### THE INPUT
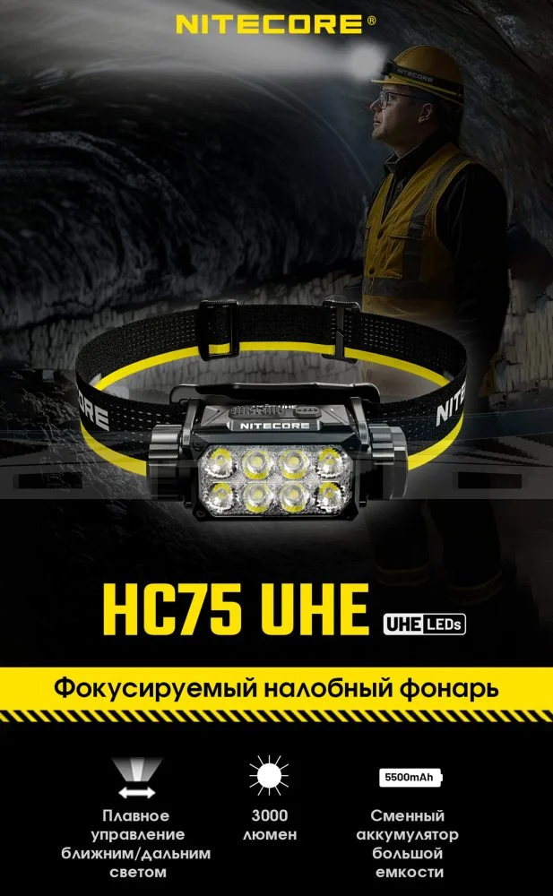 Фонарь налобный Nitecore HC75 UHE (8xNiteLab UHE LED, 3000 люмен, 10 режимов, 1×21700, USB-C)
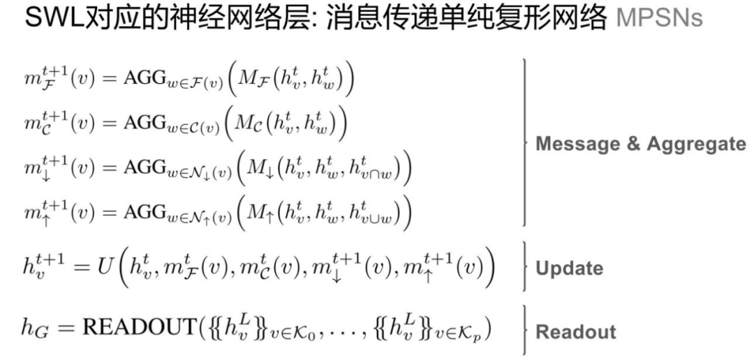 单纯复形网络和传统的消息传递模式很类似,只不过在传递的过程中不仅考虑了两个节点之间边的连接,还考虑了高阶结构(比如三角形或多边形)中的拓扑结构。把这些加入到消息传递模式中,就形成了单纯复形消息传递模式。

* * *

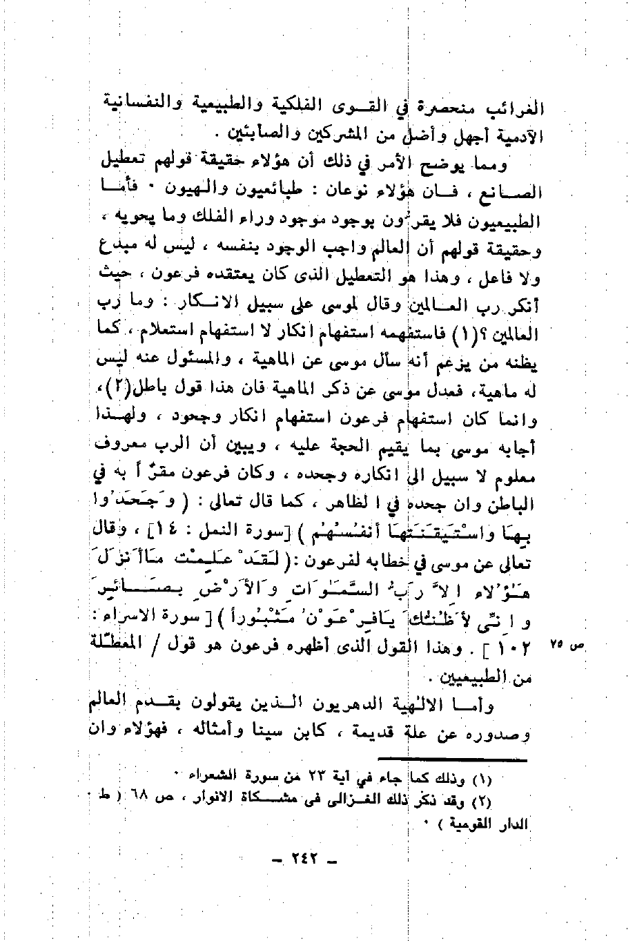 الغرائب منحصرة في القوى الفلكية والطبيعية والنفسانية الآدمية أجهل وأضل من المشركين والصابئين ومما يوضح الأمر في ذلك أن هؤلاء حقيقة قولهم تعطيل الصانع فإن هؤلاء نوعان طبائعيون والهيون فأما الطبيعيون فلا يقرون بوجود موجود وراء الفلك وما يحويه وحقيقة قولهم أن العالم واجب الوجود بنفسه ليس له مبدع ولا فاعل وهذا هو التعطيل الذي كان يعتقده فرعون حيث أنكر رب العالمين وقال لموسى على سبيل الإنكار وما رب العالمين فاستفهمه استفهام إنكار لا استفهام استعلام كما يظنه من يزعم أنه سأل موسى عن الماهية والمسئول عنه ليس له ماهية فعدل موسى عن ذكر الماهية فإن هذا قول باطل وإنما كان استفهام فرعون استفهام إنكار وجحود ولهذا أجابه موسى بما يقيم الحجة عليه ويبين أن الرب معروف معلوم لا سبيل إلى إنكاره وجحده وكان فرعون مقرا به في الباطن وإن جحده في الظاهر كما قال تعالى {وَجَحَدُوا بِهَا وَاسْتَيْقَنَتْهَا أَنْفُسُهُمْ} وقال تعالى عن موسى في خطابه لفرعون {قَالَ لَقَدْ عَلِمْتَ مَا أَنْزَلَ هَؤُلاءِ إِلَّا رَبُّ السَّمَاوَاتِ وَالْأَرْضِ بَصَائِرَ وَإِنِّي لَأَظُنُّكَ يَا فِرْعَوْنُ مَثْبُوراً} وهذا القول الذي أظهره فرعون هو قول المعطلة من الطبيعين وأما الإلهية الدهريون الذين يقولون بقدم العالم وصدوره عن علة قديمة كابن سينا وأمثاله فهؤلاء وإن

### WHAT THE TASK ASKS
Give back exactly, and solely, the section of the data above bounded by the line containing "Фонарь налобный Nitecore" and the line containing "单纯复形网络和传统的消息传递", both bounding lines included and pictures omitted.

### OUTPUT BELOW
 Фонарь налобный Nitecore HC75 UHE (8xNiteLab UHE LED, 3000 люмен, 10 режимов, 1×21700, USB-C)
 单纯复形网络和传统的消息传递模式很类似,只不过在传递的过程中不仅考虑了两个节点之间边的连接,还考虑了高阶结构(比如三角形或多边形)中的拓扑结构。把这些加入到消息传递模式中,就形成了单纯复形消息传递模式。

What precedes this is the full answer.